Seeking safety at the border Crisis Watch

Families escaping gang violence and persecution in Guatemala, Honduras and El Salvador have undertaken a dangerous journey to seek asylum in the United States. Central Americans have the right to request asylum in the U.S. without being criminalized, turned back, or separated from their children.

More children were separated than previously thought at U.S.-Mexico border

  • The IRC is deeply concerned that the Trump Administration likely separated even more children from their families at the U.S.-Mexico border than the government had previously reported.

  • “This revelation underscores the cruelty shown toward those impacted by the administration’s family separation policy. A policy that harms the lives of vulnerable children," said Ellen Beattie who works on the IRC's U.S. programs team.

  • On Monday, a young boy died after he was detained at the U.S.-Mexico border. He became the fifth Guatemalan minor to die in U.S. custody since December.

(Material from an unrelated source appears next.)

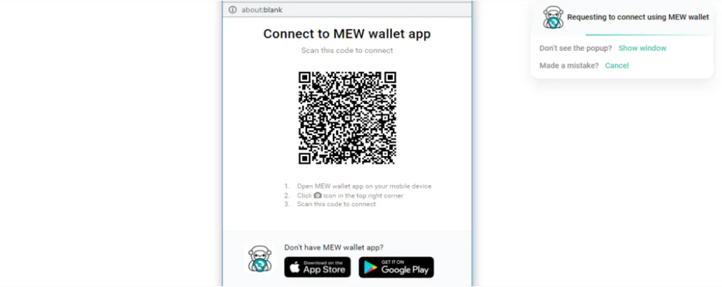 So we come back to the “wallet connect” screen (seen above). You have many choices, and one of the most common wallets is the MEW wallet. If you choose MEW, you’ll run into a problem. The MEW wallet requires you to connect via the mobile app, so you’ll need to go to your app store and download the mobile version of the wallet.

  • The IRC calls upon the U.S government to swiftly adhere to its promise to reunite all families separated by its policies.

Read our latest statement

What you need to know about the caravans

Political turmoil, extreme poverty and rampant violence in Central America have fueled a humanitarian crisis. The caravans traveling to the southern U.S. border to seek refuge have brought critical attention to the horrors that are forcing individuals and families to flee. U.S. and international law give people fleeing violence and persecution the right to request asylum in another country. As the Trump administration pushes to close the border to asylum seekers, here’s what you need to know.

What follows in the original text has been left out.